Так могло продолжаться долго да и продолжалось, пока я не выучил фразу свидетельствующую, что «я плохо говорю на немецком, но изучаю его, поскольку мне доставляет удовольствие беседовать с такими приятными людьми как вы». Сокращение этой фразы до «я плохо говорит как немец» также заставляло их лица морщиться, ровно как и использование в общении английского языка. К употреблению коего они прибегали с явным неудовольствием да и то, если речь шла о жизненной необходимости и спасении общемировых ценностей. Может действительно миф о превосходстве арийской расы и второй миф — о принадлежности немецкой национальности к арийцам, глубоко укоренились в этом поколении немцев, несмотря на внешнее ярко выраженное непризнание всего, что происходило в Германии в первой половине 20 века. И другие народы, особенно против кого велась война, они не признавали равными себе по уровню.
Ту же аналогию с закладкой уже советских стереотипов можно проследить и в наших бабушках и дедушках, со своими причудами, взглядами, которые мы иногда не в силах понять из-за другого воспитания.
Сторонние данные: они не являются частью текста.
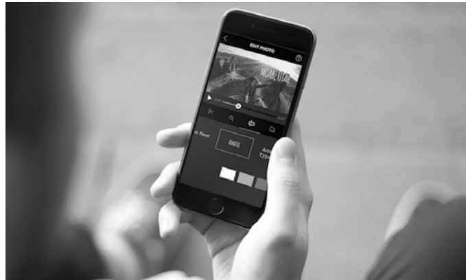
Mugikorrarekin bideoak egiteko ikastaroa eskainiko dute uztailaren hasieran. 14-18 urte arteko gazteei zuzendua dago.

ten ikasteaz gain, mugikorrarekin grabazioa egingo dute. "Jasotako irudiekin eta aplikazioen laguntzaz, bideoa editatu eta emaitza paregabea lortuko dugu".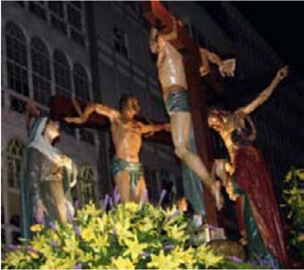
CALVARIO DE LAS SIETE PALABRAS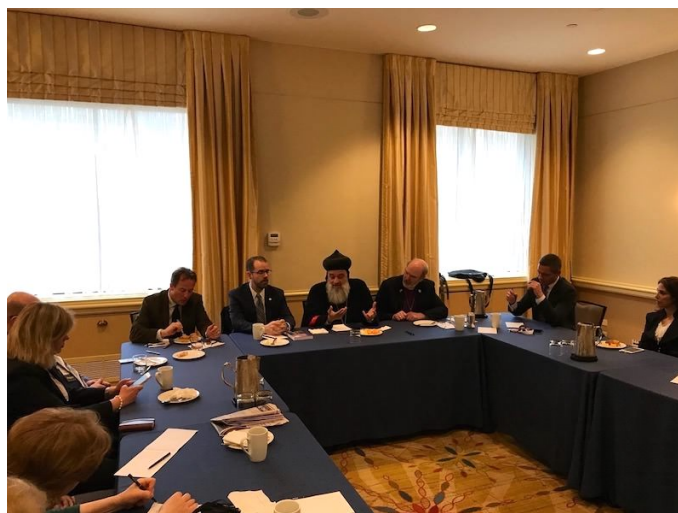
Seine Heiligkeit Patriarch Mor Ignatius Aphrem II. Karim während der Diskussionsrunde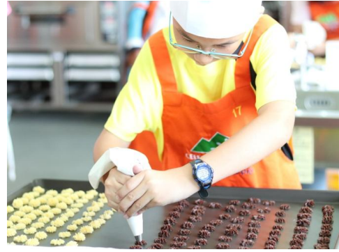
說明/暑假:食品群-丹麥小西餅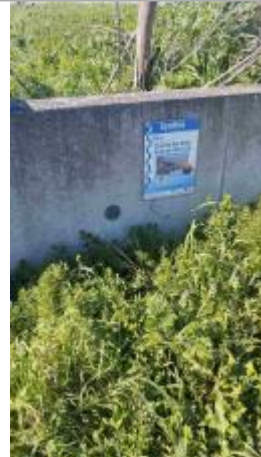
Repère et panneau sur le muret

Другое дело — молодые бюргеры. Эти ребята уже являлись космополитами, превосходно владели и не стеснялись использовать язык туманного Альбиона. Да и общаться с ними было действительно просто, ввиду отсутствия признаков снобизма в разговоре.
Следующая фаза социально-этнического стеснения наступала для меня, когда заканчивался «энтранс». Приходила пора насыщать свой организм строительно-вкусовым материалом. В это время в ресторан заявлялись Натали с Уром, которые примерно в течение моей первой испытаттельной недели оставались в отеле, приглядывая за нашей деятельностью и согласуя рабочие моменты с администрацией отеля.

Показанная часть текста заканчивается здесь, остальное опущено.